[Data for this exercise]:
■ ■ ■ ■

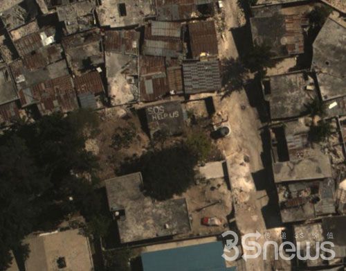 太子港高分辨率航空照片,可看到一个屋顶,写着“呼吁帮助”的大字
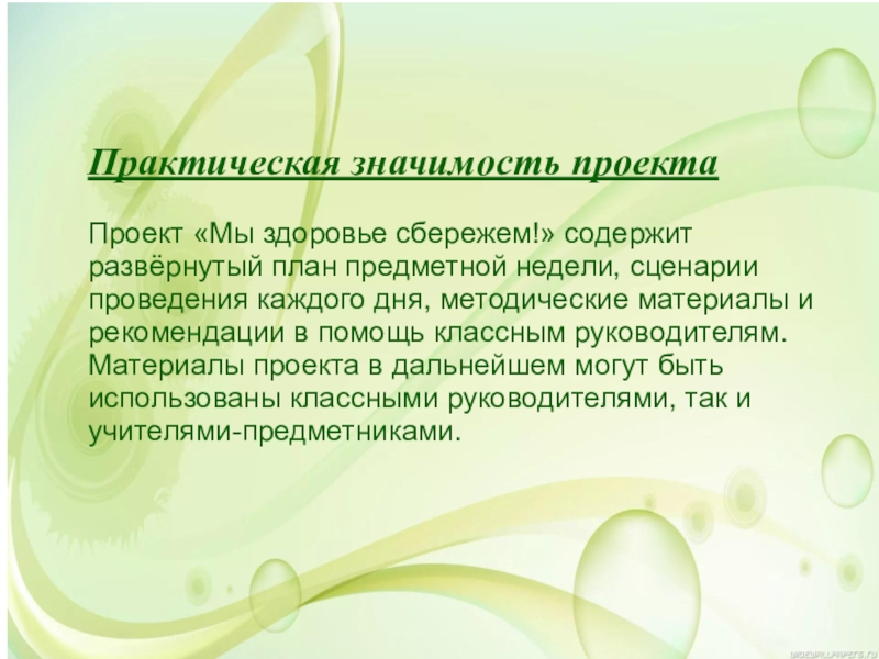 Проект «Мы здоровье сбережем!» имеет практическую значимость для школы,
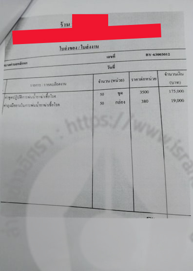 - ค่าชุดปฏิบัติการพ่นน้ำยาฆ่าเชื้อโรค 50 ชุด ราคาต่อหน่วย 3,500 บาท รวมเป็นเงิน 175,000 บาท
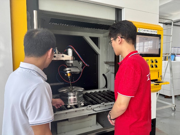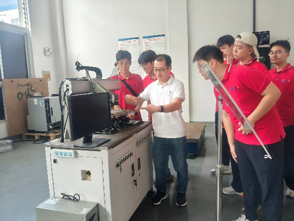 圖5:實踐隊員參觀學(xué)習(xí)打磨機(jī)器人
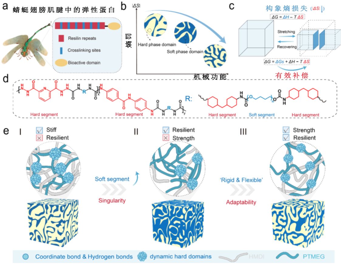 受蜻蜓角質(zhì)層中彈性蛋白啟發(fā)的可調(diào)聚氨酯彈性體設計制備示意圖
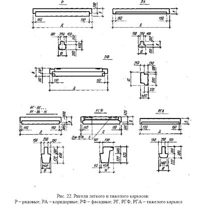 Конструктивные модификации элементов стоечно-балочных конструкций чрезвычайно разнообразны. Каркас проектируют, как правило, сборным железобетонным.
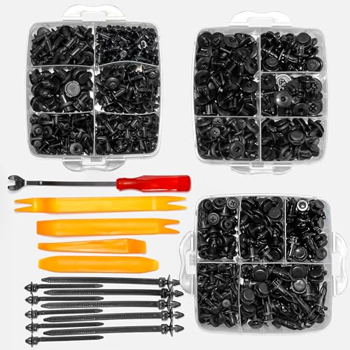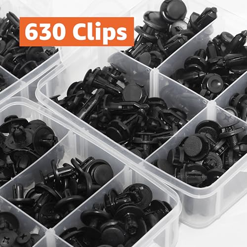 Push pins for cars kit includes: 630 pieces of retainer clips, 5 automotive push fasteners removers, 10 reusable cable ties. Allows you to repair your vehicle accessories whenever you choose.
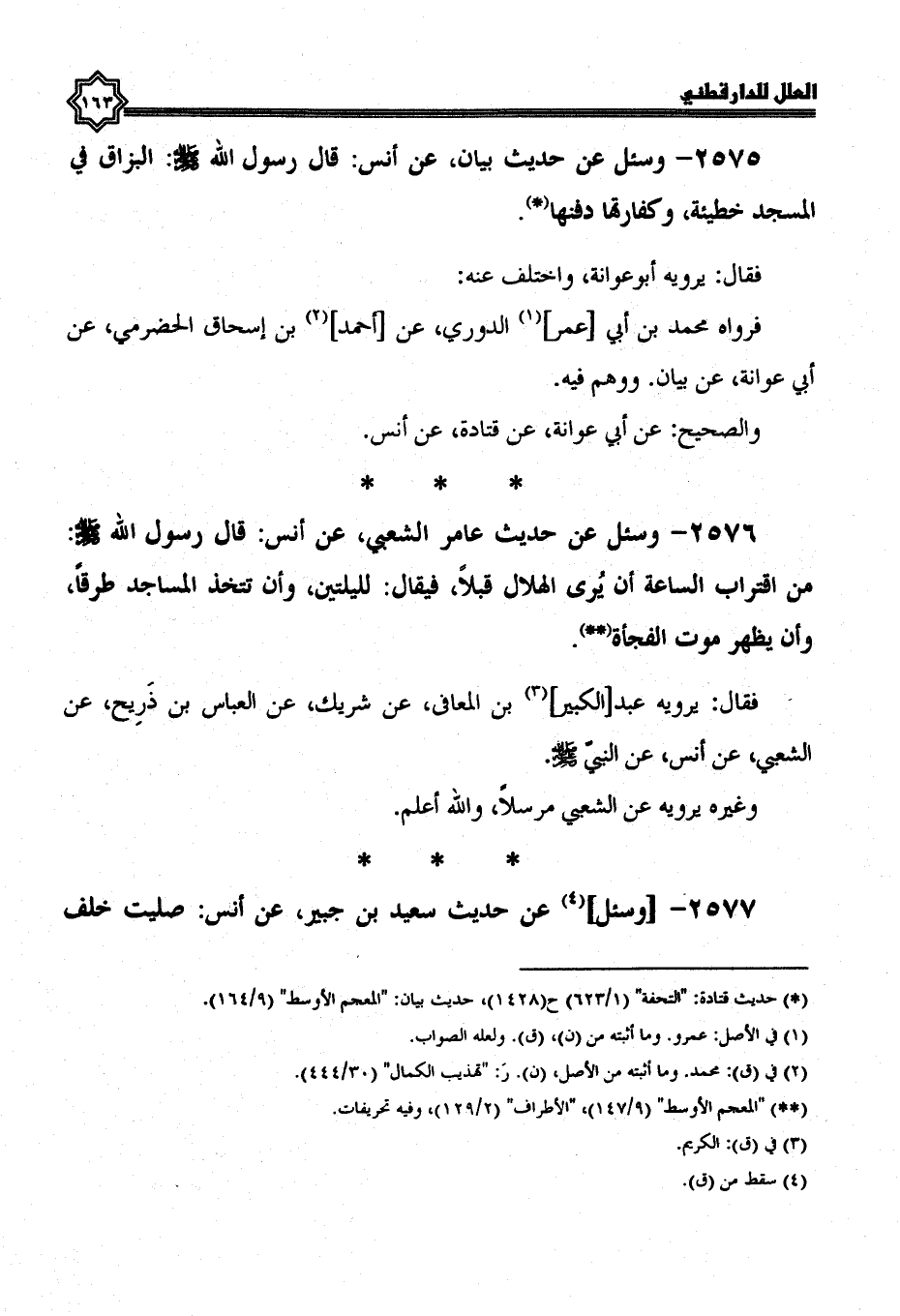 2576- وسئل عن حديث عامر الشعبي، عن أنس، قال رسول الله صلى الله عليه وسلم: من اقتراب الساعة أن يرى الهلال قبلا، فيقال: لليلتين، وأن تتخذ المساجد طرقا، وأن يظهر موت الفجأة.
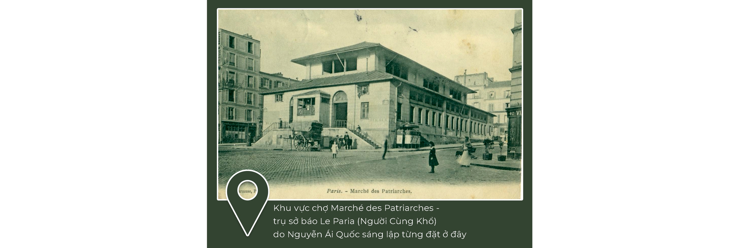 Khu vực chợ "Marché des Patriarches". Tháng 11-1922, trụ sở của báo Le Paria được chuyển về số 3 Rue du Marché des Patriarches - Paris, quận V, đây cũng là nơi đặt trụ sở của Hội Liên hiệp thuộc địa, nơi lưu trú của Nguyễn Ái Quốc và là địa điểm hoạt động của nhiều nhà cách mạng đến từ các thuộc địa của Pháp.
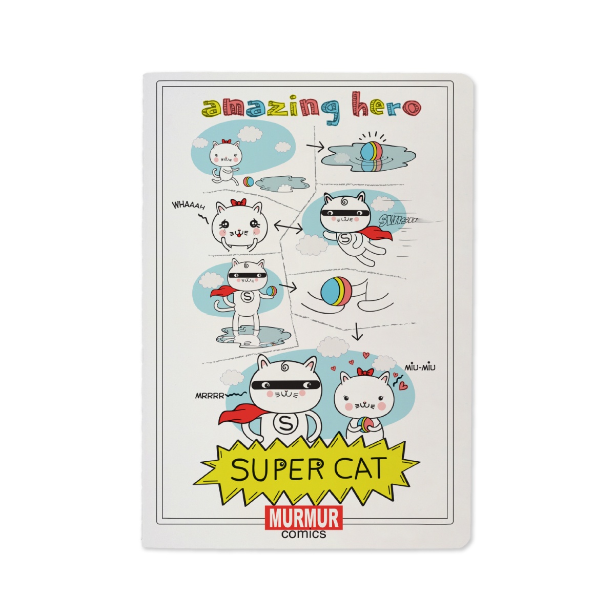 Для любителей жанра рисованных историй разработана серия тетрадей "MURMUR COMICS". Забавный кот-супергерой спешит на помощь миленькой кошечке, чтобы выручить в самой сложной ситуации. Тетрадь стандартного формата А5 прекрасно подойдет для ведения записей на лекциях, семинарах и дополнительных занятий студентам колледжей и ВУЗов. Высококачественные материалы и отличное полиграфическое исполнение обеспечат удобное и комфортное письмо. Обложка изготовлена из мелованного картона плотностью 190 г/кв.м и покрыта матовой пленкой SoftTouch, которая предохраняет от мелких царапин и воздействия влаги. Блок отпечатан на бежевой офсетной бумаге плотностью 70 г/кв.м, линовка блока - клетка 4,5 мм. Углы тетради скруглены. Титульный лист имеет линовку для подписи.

■ ■ ■ ■

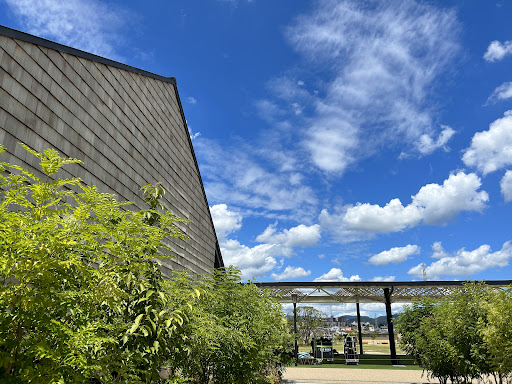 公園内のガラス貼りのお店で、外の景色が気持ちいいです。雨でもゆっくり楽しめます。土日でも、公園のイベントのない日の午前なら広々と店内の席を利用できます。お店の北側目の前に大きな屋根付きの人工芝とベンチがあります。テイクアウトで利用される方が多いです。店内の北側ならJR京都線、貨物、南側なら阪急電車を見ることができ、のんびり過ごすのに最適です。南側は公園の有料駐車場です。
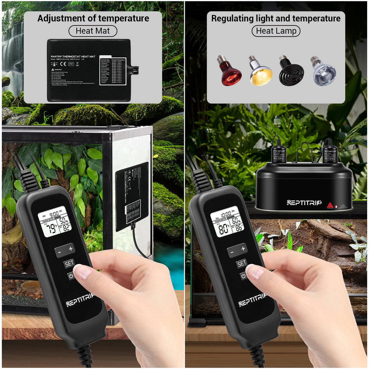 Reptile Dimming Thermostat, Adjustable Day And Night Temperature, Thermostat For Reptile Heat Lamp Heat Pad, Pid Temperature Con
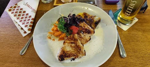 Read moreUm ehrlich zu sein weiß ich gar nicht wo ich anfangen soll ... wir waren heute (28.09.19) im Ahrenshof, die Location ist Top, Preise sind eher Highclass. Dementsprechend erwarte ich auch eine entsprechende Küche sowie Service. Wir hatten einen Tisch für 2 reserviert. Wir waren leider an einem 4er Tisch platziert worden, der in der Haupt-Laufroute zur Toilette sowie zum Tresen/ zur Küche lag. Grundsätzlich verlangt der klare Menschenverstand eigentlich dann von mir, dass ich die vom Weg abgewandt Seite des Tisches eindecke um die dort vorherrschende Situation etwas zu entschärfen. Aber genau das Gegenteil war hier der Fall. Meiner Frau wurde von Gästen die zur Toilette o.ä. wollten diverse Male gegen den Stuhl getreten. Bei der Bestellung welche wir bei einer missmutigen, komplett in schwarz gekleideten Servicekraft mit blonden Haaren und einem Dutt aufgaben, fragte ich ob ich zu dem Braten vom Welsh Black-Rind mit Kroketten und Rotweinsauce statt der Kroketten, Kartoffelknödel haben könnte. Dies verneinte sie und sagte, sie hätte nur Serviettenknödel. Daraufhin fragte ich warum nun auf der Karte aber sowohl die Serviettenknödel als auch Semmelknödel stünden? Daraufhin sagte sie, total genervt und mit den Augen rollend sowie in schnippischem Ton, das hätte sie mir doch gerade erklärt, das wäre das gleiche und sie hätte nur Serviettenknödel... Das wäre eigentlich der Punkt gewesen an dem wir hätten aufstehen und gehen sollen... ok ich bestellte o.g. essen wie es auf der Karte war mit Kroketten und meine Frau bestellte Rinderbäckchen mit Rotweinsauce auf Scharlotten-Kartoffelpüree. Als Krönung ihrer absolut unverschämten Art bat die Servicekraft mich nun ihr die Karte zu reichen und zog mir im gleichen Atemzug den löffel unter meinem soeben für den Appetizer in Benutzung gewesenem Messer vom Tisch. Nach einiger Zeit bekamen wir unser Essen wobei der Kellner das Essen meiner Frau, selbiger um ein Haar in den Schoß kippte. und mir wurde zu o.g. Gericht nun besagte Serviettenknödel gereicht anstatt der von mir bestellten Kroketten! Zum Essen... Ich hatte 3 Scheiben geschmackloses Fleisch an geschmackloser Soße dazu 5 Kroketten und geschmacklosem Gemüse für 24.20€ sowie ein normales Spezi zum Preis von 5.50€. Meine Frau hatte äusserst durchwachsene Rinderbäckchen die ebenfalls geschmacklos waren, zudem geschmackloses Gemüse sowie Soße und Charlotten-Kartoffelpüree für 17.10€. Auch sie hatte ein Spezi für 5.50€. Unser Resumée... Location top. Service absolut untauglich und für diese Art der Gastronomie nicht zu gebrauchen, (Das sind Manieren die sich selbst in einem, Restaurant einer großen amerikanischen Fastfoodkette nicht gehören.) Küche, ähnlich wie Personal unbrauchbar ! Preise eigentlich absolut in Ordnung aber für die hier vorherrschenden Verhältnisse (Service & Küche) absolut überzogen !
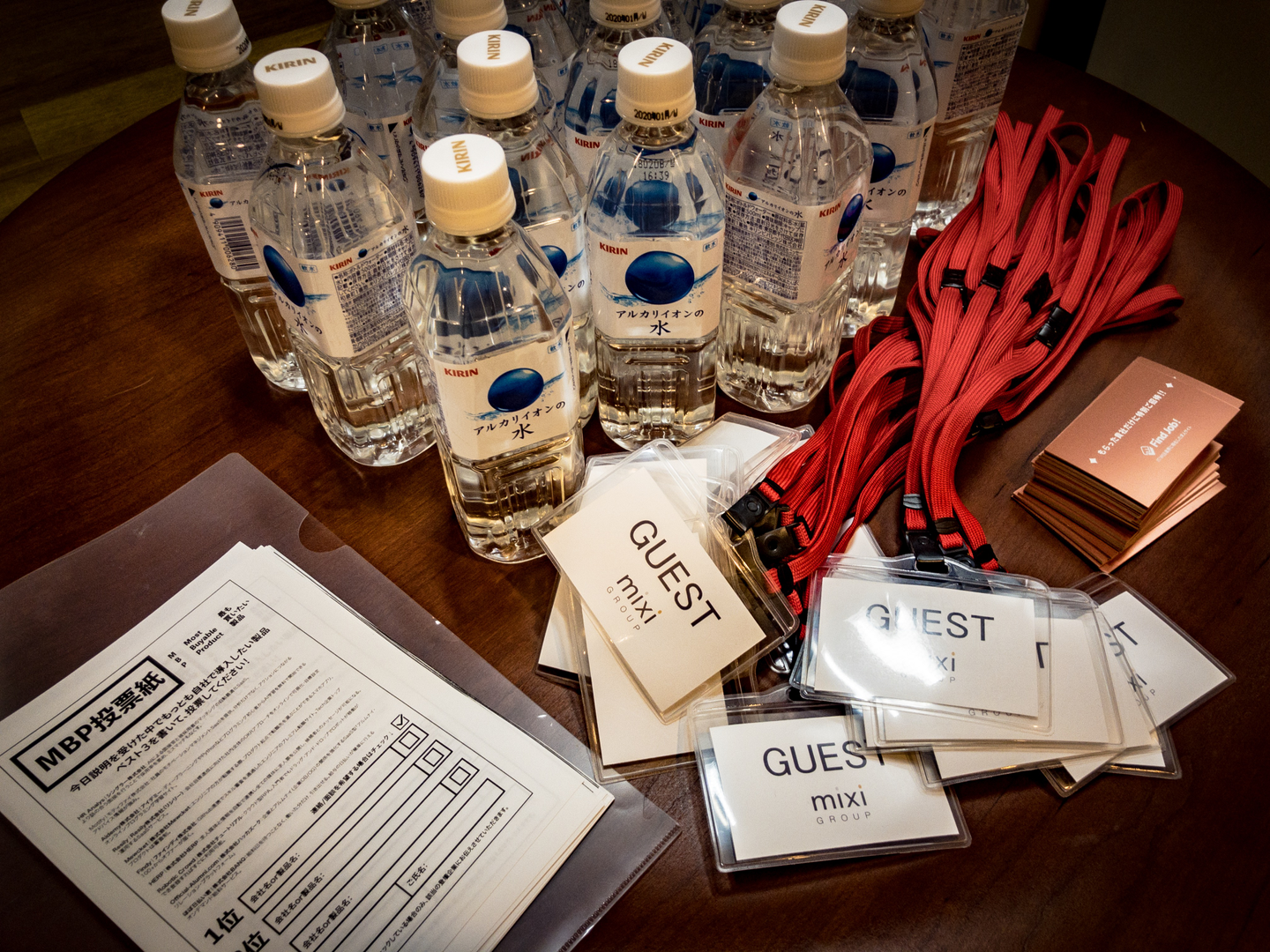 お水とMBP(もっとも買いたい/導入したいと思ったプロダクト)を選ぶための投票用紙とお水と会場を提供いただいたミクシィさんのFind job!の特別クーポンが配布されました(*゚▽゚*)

■ ■ ■ ■

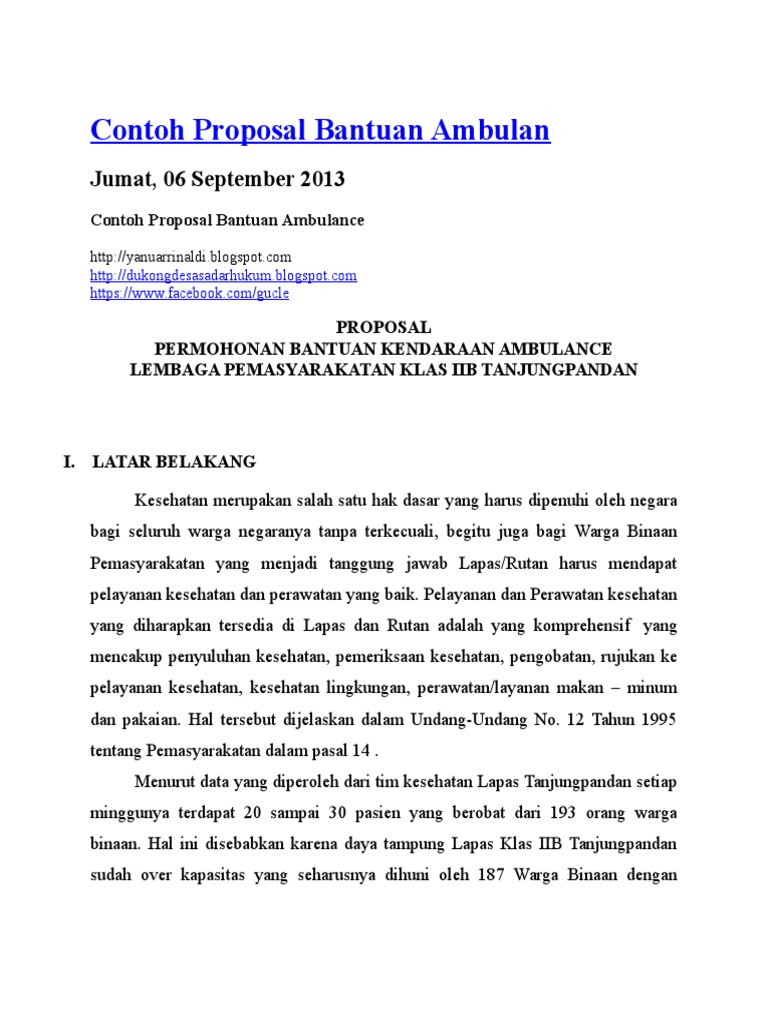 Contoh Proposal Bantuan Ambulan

■ ■ ■ ■

[Goal of the exercise]: Word for word, repeat the lines above from the one with "имеет практическую значимость" through the one with "Khu vực chợ", and nothing beyond them. Omit the pictures.

[Response to the task]:
 Проект «Мы здоровье сбережем!» имеет практическую значимость для школы,
 - ค่าชุดปฏิบัติการพ่นน้ำยาฆ่าเชื้อโรค 50 ชุด ราคาต่อหน่วย 3,500 บาท รวมเป็นเงิน 175,000 บาท
 圖5:實踐隊員參觀學(xué)習(xí)打磨機(jī)器人
 受蜻蜓角質(zhì)層中彈性蛋白啟發(fā)的可調(diào)聚氨酯彈性體設計制備示意圖
 Конструктивные модификации элементов стоечно-балочных конструкций чрезвычайно разнообразны. Каркас проектируют, как правило, сборным железобетонным.
 Push pins for cars kit includes: 630 pieces of retainer clips, 5 automotive push fasteners removers, 10 reusable cable ties. Allows you to repair your vehicle accessories whenever you choose.
 2576- وسئل عن حديث عامر الشعبي، عن أنس، قال رسول الله صلى الله عليه وسلم: من اقتراب الساعة أن يرى الهلال قبلا، فيقال: لليلتين، وأن تتخذ المساجد طرقا، وأن يظهر موت الفجأة.
 Khu vực chợ "Marché des Patriarches". Tháng 11-1922, trụ sở của báo Le Paria được chuyển về số 3 Rue du Marché des Patriarches - Paris, quận V, đây cũng là nơi đặt trụ sở của Hội Liên hiệp thuộc địa, nơi lưu trú của Nguyễn Ái Quốc và là địa điểm hoạt động của nhiều nhà cách mạng đến từ các thuộc địa của Pháp.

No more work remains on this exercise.